* _Excerpted records_:
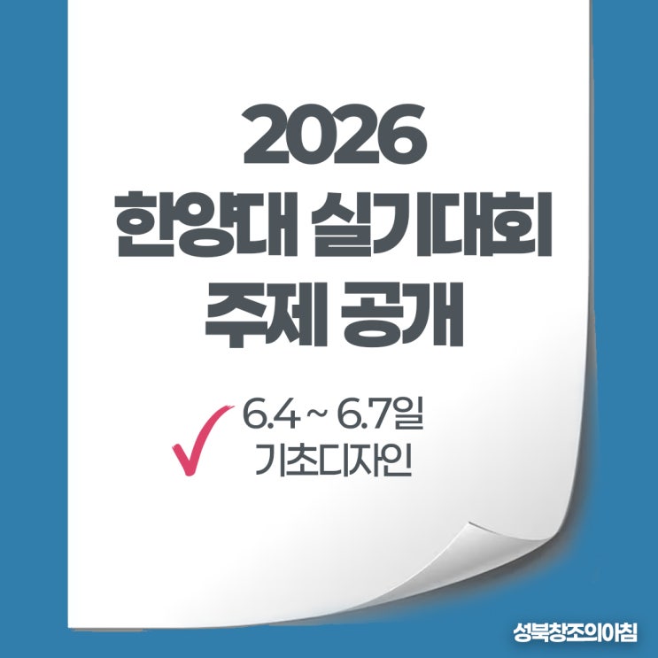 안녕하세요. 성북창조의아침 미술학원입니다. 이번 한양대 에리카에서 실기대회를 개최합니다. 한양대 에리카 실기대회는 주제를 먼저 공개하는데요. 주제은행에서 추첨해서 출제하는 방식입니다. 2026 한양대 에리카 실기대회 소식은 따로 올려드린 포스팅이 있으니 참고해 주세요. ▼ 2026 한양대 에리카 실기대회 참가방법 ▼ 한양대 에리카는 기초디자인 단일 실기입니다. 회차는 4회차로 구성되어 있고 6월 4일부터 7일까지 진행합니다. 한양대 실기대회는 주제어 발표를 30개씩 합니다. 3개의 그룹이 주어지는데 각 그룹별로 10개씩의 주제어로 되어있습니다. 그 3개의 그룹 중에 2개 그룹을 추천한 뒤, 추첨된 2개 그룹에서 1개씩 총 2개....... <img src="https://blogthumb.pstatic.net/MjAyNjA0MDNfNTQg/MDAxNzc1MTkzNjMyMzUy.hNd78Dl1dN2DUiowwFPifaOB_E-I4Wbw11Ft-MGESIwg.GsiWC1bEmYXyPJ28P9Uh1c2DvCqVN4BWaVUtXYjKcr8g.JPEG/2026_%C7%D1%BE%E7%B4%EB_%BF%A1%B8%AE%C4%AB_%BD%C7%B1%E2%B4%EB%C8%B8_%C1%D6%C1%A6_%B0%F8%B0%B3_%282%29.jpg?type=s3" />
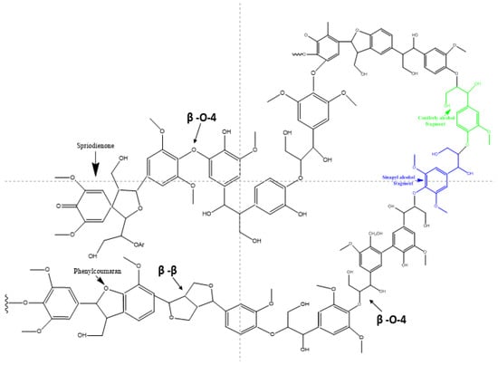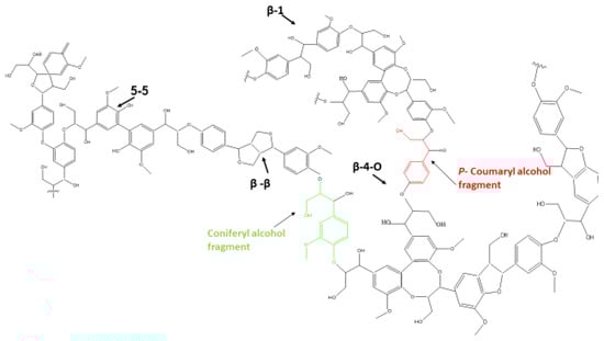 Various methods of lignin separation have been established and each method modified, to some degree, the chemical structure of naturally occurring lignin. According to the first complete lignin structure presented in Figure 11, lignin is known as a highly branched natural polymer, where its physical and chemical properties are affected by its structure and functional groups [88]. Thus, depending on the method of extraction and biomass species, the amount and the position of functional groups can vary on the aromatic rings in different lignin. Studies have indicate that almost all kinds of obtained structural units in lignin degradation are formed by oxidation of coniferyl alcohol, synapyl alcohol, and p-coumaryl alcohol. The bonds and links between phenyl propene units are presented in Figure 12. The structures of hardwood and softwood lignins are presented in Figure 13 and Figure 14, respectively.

* * *

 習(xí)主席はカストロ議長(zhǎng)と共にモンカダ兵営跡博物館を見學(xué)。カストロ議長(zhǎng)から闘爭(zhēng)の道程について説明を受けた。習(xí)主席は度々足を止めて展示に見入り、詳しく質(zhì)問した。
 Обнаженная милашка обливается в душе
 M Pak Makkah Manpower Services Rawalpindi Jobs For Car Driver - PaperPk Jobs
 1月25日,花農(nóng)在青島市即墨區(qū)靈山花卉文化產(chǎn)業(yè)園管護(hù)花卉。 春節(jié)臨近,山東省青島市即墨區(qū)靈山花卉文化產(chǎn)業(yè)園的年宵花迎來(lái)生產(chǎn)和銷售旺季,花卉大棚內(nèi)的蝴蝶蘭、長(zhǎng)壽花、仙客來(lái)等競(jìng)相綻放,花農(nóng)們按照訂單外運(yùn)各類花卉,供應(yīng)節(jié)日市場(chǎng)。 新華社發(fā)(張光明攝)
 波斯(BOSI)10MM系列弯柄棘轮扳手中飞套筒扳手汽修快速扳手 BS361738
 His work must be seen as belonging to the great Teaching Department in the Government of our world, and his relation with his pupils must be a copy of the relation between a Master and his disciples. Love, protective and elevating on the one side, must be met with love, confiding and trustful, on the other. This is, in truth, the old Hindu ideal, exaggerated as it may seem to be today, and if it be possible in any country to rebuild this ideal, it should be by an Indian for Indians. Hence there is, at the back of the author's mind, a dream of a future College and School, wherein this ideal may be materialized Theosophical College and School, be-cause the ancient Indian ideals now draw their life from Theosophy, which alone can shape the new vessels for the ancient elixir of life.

* _Work required_:
Transcribe the records above exactly, beginning at the line that contains "波斯(BOSI)10MM系列" and ending with the line that contains "His work must", both included, and nothing else.

* _Solution_:
 波斯(BOSI)10MM系列弯柄棘轮扳手中飞套筒扳手汽修快速扳手 BS361738
 His work must be seen as belonging to the great Teaching Department in the Government of our world, and his relation with his pupils must be a copy of the relation between a Master and his disciples. Love, protective and elevating on the one side, must be met with love, confiding and trustful, on the other. This is, in truth, the old Hindu ideal, exaggerated as it may seem to be today, and if it be possible in any country to rebuild this ideal, it should be by an Indian for Indians. Hence there is, at the back of the author's mind, a dream of a future College and School, wherein this ideal may be materialized Theosophical College and School, be-cause the ancient Indian ideals now draw their life from Theosophy, which alone can shape the new vessels for the ancient elixir of life.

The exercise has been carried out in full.